A potential vaccine component has led to strong protection against HIV in primates, a new study shows.
To block infection from HIV, a successful vaccine will require a combination of ingredients, including at least three antibody targets and a substance that boosts immune responses.
The new study takes a step toward achieving that goal.
The new component elicits an antibody that binds to part of HIV’s outer envelope, the researchers report.
“This is significant progress toward a viable HIV vaccine,” says Barton Haynes, director of the Duke University Human Vaccine Institute (DHVI) and senior author of the study in the journal Science Translational Medicine. “While we know this will be a many-step process, each step is an advancement toward our goal.”
Haynes and colleagues, including first author Kevin Saunders, director of research at DHVI, isolated neutralizing antibodies that arose from a person living with HIV.
These antibodies bind to a known site on the virus that is conserved among many HIV strains. Exploiting this interaction, the researchers built an immunogen that stimulates the protective neutralizing antibodies against the immunizing strain.
Along with the immunogen, the researchers tested potential adjuvants, which boost the immune response.

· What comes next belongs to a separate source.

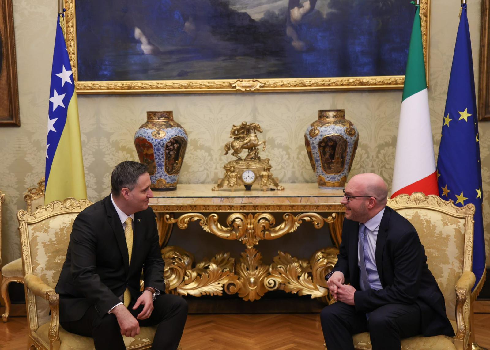 Predsjedavajući Predsjedništva BiH dr. Denis Bećirović je istakao važnost jačanja odnosa Bosne i Hercegovine s Republikom Italijom, članicom i zemljom osnivačem EU i NATO-a. Također, Italija je članica niza regionalnih inicijativa, poput Jadransko-jonske inicijative, strategije EU za Jadransko-jonsku regiju (EUSAIR), Srednjoevropske inicijative (CEI).

The team found that the best adjuvant ingredient was a Toll-like receptor called TLR7/8 that is a common ingredient in other vaccines.
Together, the protein and adjuvant in the vaccine provided protection from infection.
“Our study supports the notion that relatively high levels of multiple broadly neutralizing antibody types will need to be induced by vaccination to prevent HIV infection,” Haynes says. “Our study also suggests that the use of the TLR7/8 agonist was key for inducing high concentrations of neutralizing antibodies and potently activating the immune system.”
The National Institutes of Health Division of AIDS and the Center for HIV/AIDS Vaccine Immunology-Immunogen Discovery funded the work.
The adjuvant used in this study, 3M-052-Alum, was developed by 3M and formulated by the Access to Advanced Health Institute.